“And we know that for those who love God all things work together for good, for those who are called according to his purpose.”
Romans 8:28
Some of these posts will be a look at the past while others might be written current day. This post is a lesson I’m currently exercising my faith in. Faithercising. Can we make that a word? Tell you what, here it’s a word! Come. Walk with me while I faithercise through this seasons catastrophes!
Ricky Bobby just turned one year old has been ill for the last week and a half. We aren’t sure if it’s sickness or if he’s hurt. On top of everything else that’s been going on, dealing with a hurt baby horse can feel a little overwhelming. Some days I’m good, energized, and determined. Other days the weight of his health sits heavy. Having just lost a teenage horse last month, my heart is pretty sensitive to illness right now.
I was reading Jeremiah over the last couple weeks and I couldn’t help but notice Jeremiah’s calling was to suffering. (Of course He would have both my Bible in a Year podcast AND my bible study group focusing on this weeping prophet! Well played, God. Well played.) The Lord called him forth at a very young age and for more than 40 years, Jeremiah went throughout the nation of Israel and obediently proclaimed God’s word.
But nothing happened. The Israelites didn’t listen. They didn’t change. From the surface, it can seem as though Jeremiah’s ministry was a failure. He spent the majority of his life obeying God, saving no one but his scribe and a compassionate Ethiopian, just to go and die in Egypt. At the end of the book, I was pretty discouraged and I felt the despair and spiraling creeping in.
“Lord, I desperately do not want to be a weeping prophet!” was the cry of my heart.
At least when Paul suffered, he saw the fruit of winning lives over to Christ! I found myself praying a prayer of mercy. A prayer that begs for another way. Let me be clear, I wasn’t praying for comfort; suffering isn’t the problem. I desperately wanted my suffering to mean something, for it to not be in useless. It’s so much easier for me to swallow the pill of hardship when I know it’s helping someone else.
As I was driving down the country road to the equine clinic to drop off a couple bags of horse poo, I had a fleeting thought–it wasn’t even a complete thought but a mere thought that settles on you like an simple feeling and it was this: If Ricky Bobby’s unknown illness could help someone, I could endure. If some how, some way, this sickness, injury, or disease could open a path for someone else, it would make my journey through the unknown worth it. I could indeed suffer if it meant help or healing for someone else. If there were purpose for this struggle.

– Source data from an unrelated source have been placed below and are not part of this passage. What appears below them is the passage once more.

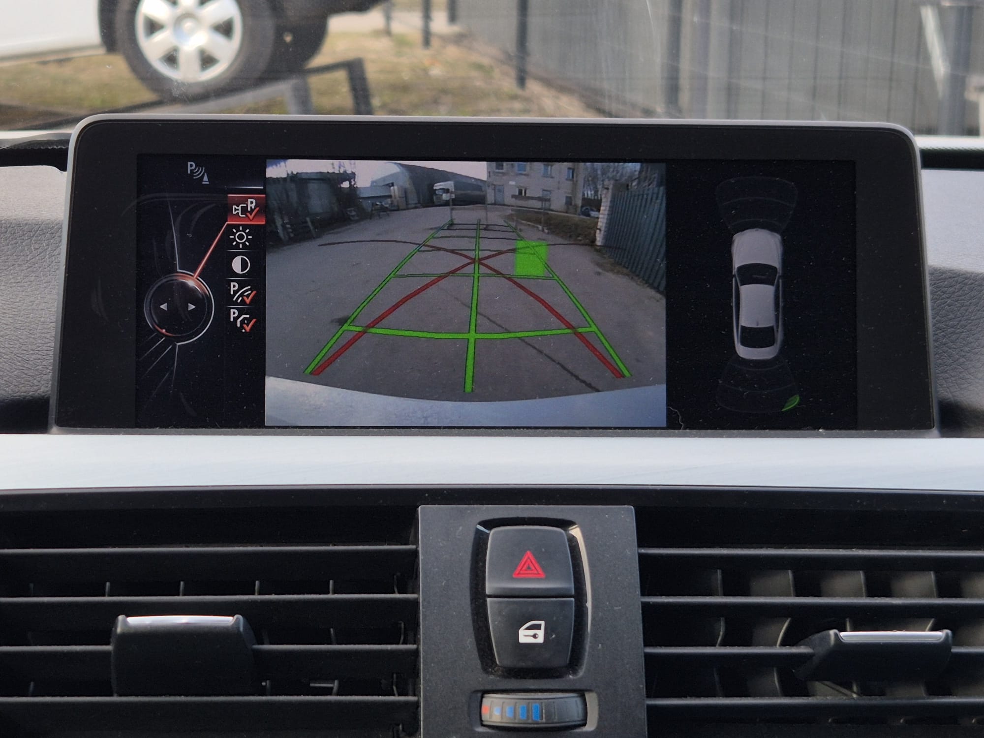 Parkošanās sensori priekšā un aizmugurē ar vizuālu attēlojumu ekrānā.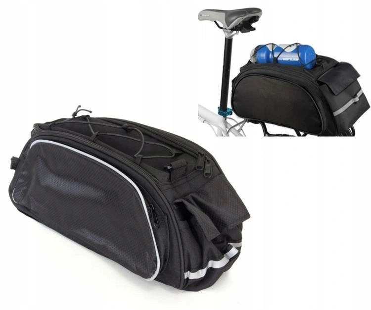 Tilava 4-lokeroinen 2-in-1-laukku polkupyörän tavaratelineelle, erittäin hyödyllinen pidempien pyöräretkien aikana.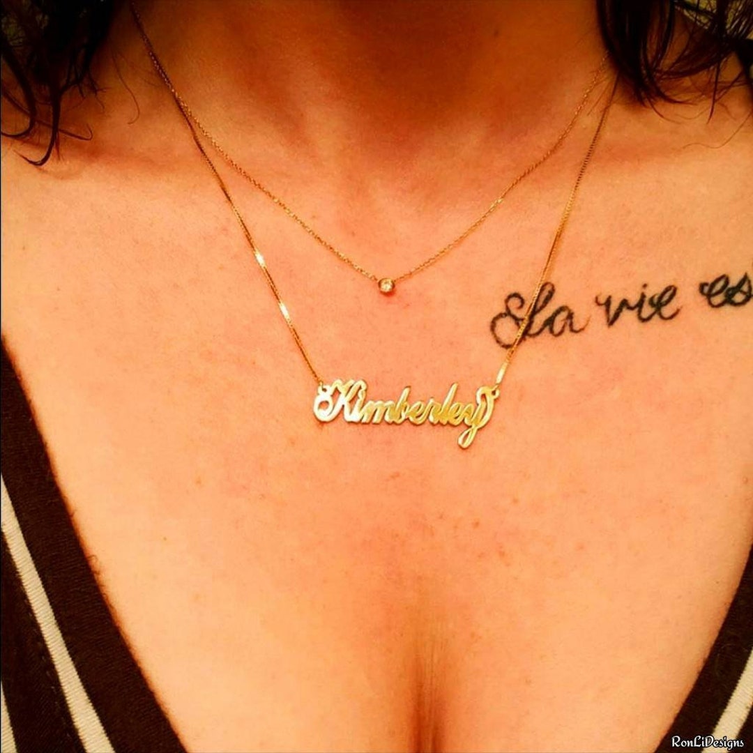 14k Gold Name Necklace Kimberly Style Name Necklace Solid 14k Etsy Uk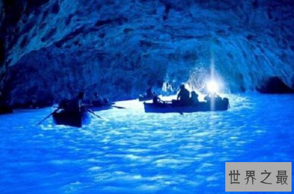 这座蓝洞是位于意大利南部卡普里岛的一处海蚀洞,洞口很小,在悬崖的下面,只能乘坐小船进入,洞内的海水是美丽的晶蓝色,就连岩石也被太阳光反射成蓝色。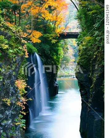 宮崎_うのこの滝と紅葉の風景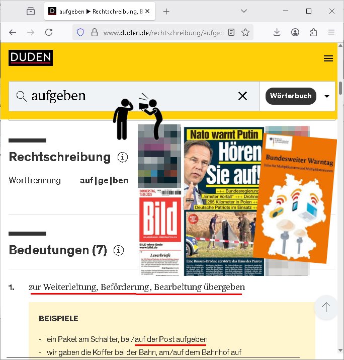 11.09.2025 15:15 https://www.bild.de/politik/drohnen-vorfall-in-polen-rutte-zu-putin-hoeren-sie-auf-68c168dd55ec8e162a1788e8https://www.bild.de/politik/drohnen-vorfall-in-polen-rutte-zu-putin-hoeren-sie-auf-68c168dd55ec8e162a1788e8 https://www.bbk.bund.de/DE/Warnung-Vorsorge/Bundesweiter-Warntag/bundesweiter-warntag_node.html https://www.duden.de/rechtschreibung/aufgeben #top Rechtschreibung ? Worttrennung auf|ge|ben Bedeutungen (7) ? zur Weiterleitung, Beförderung, Bearbeitung übergeben Beispiele ein Paket am Schalter, bei/auf der Post aufgeben ... [0] "202509111515-0-1.jpg" |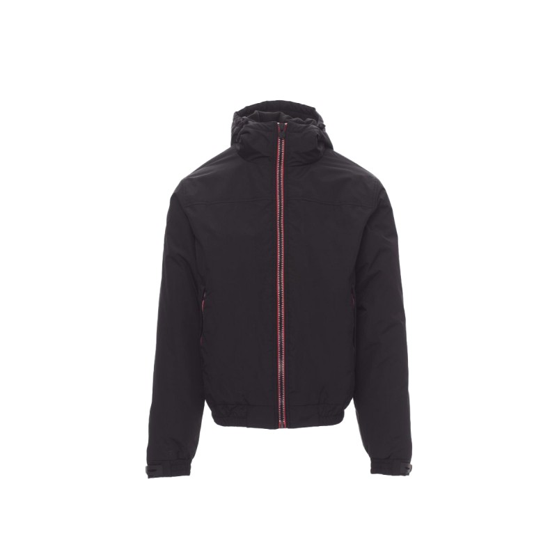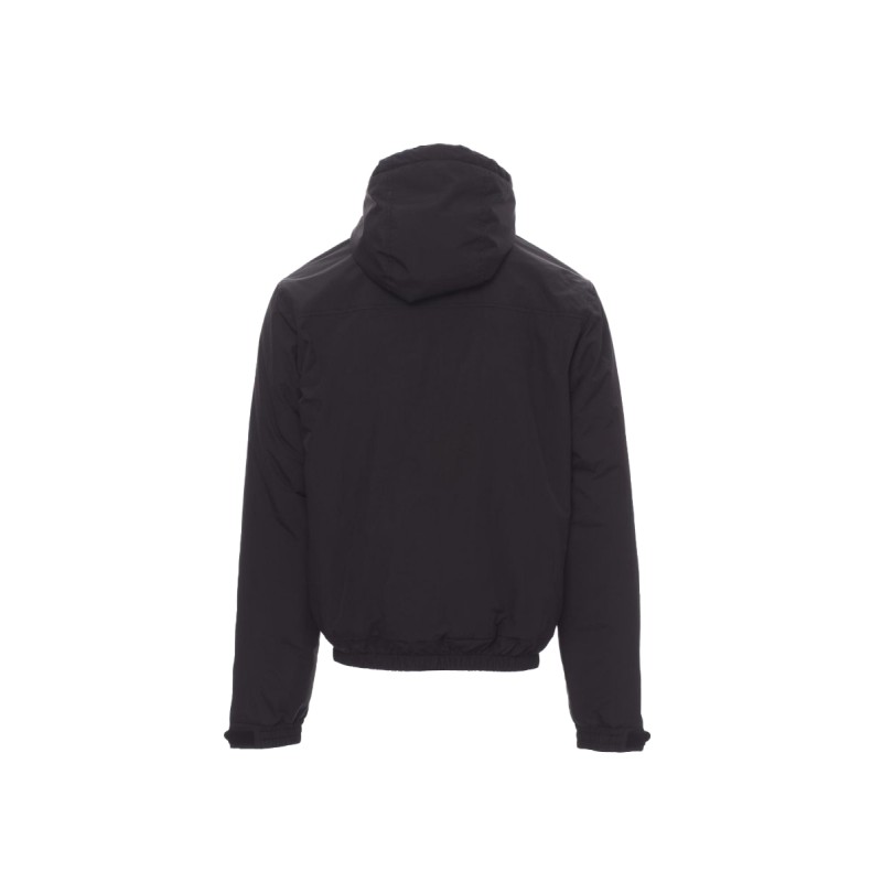 Blouson homme rembourré, zip de 8 mm en contraste, capuche profilée à deux coutures et coulisse, élastique à la taille, poignets avec élastique et serre-poignets caoutchouc de réglage, deux poches extérieures avec zip couvert. Intérieur : micropolaire sur le col et le dos, une poche zippée pour smartphone avec passage pour câble, zip sur la poitrine et le dos pour faciliter les impressions et broderies.

And then the thought flew away and I zoned back into the podcast that was playing through my speakers.
While dropping off the manure for clinic staff to inspect, I chatted with the tech for a few minutes. She told me the doctor had been pretty stumped about Ricky Bobby’s case but after consulting with other colleagues, he felt pretty confident that he had narrowed down the cause of Ricky Bobby’s sudden illness to roundworms (which can be found in their manure, hence my traveling bags of poop), and he believed in this diagnosis so much that he revisited his own foal deworming policies and made the executive decision to amend their more conservative approaches to include more aggressive prevention for future and current foals.
Hearing this news brought a large sense of peace to my heart! Thank you Lord for knowing the inner desires of my heart! If Selah Way Ranch needed to experience hardship in order for someone else to have momentum, I felt privileged that God had entrusted me with that job. He knew I could endure through the amount of pressure required and I would be able to respond to the pressure in a way that progress could be made.
A seemingly small lesson but proof nonetheless that the Lord almighty does INDEED work everything together for good for those who love Him and are called according to His purpose.
Update: Ricky Bobby did not have signs of roundworms, however all the previous comfort still stands. I still hold tight that whatever Ricky Bobby is experiencing, it has not only allowed the clinic staff to restructure their policies which will no doubt be a benefit to their clients as well as God’s creatures, but our journey isn’t over! God isn’t done with this little foal! I choose to hold fast to the hope that God plans to help even more people through this situation in even more ways. He has proven to me that he hears my prayers, He will answer my prayers, and He has purpose for the suffering so I must choose to believe that He will do it again and again.